Who’s sorry now? The battle facing the Lib Dems
WITH Nick Clegg’s apology inviting derision, the Lib Dems are struggling to reconnect with Scottish voters, writes Eddie Barnes
GOOGLE tells the story succinctly. Typing the Deputy Prime Minister’s name into the search engine at the end of last week produced three options – “Nick Clegg apology”, “Nick Clegg song”, and “Nick Clegg looking sad”.

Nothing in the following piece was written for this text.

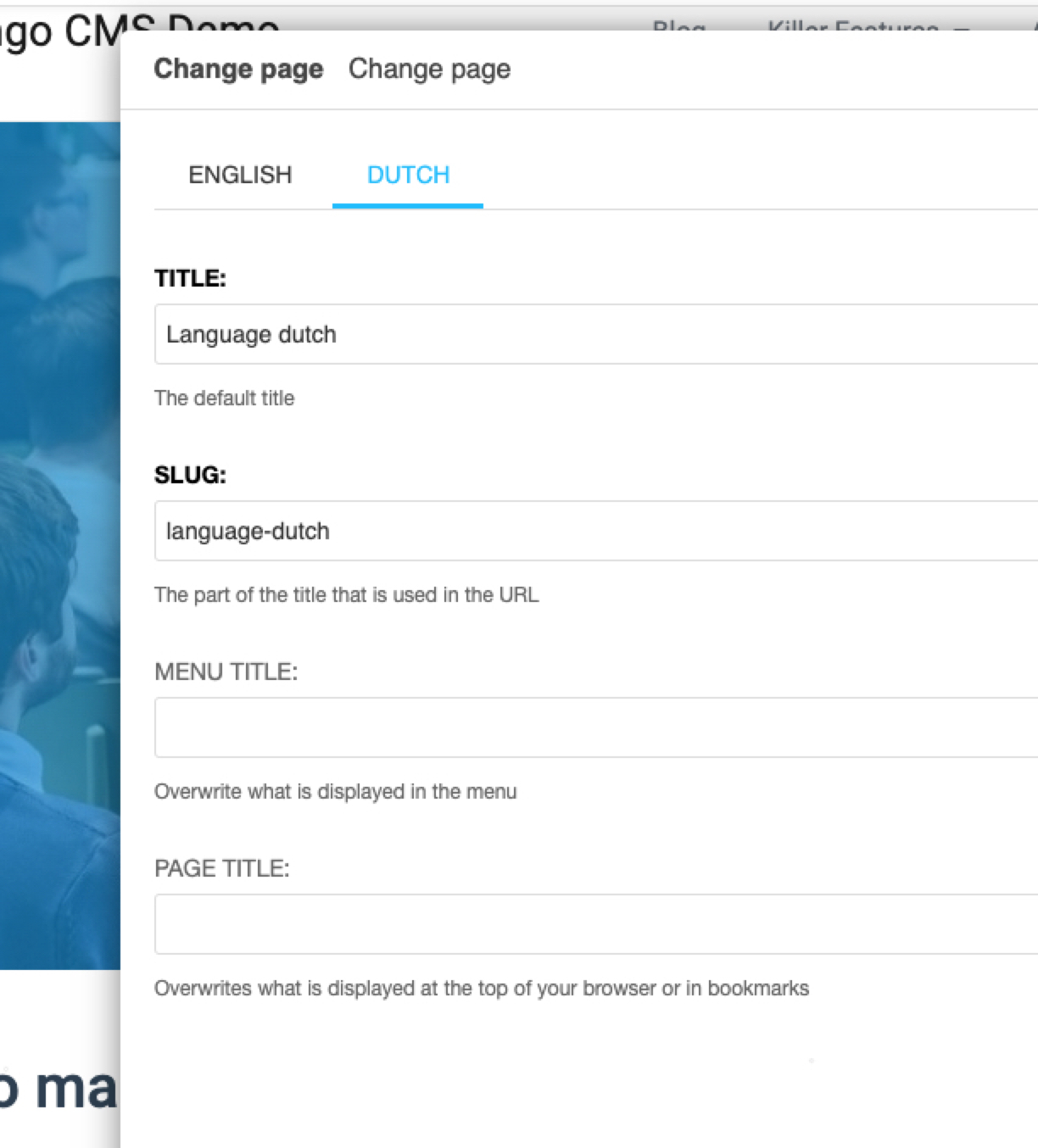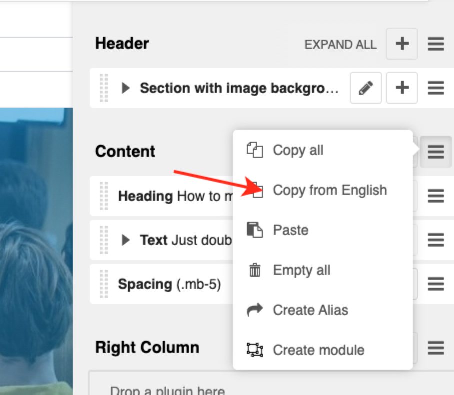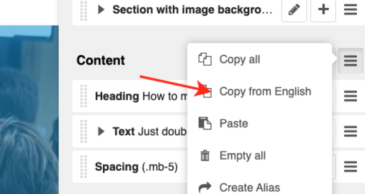 Let's say you are building a website in two languages, English and Dutch. After you have build the English pages, you can easily copy the entire content to the dutch page. Go to Language and click on Copy all plugins. You then only need to translate and insert the content.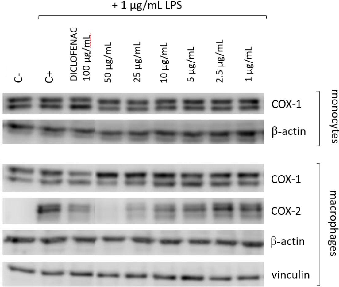 Subsequent to gene expression analysis, the determination of COX-1 and COX-2 protein level was performed (Fig. 3). The non- and differentiated U937 cells were treated with tested extract at concentrations ranging from 1 to 50 μg/mL. Western blot examination provided the confirmation of hypothesis that LevidorTM does not affect COX-1, while abundance of COX-2 protein decreases in a concentration dependent manner. Importantly, COX-1 level was not affected both in monocytes and macrophages. In turn, COX-2 level determined in macrophages treated with 50 μg/ml reduced protein level in comparison to negative control level. The concentrations 10 and 25 μg/ml of LevidorTM caused a similar effect on COX-2 as non-steroidal anti-inflammatory drug, namely diclofenac at 100 μg/mL. The lowest concentrations of the LevidorTM extract did not impact COX-2 protein level notably.

The apology – to say sorry for pledging to stop tuition fees prior to the 2010 general election – had been under discussion for a while within Lib Dem ranks. A newspaper sting last Christmas caught Lib Dem ministers revealing how they felt about having gone back on the deal. “I’ve just done the worst crime a politician can commit, the reason most folk distrust us as a breed,” declared Scottish Secretary Michael Moore. Despite happening two years ago, Lib Dem members were finding that the issue was killing them. A little like Iraq with Labour, the party would get so far with people as they tried to sell to them the merits of their policies, before tuition fees was raised and potential support would scatter.
The hope was that the apology would cauterize the wound. “We weren’t getting past it. The apology was an effort to break down the barriers so we can promote other things we’re doing in government,” said one adviser. The risk was that the apology would end up only reminding people about the sin in the first place.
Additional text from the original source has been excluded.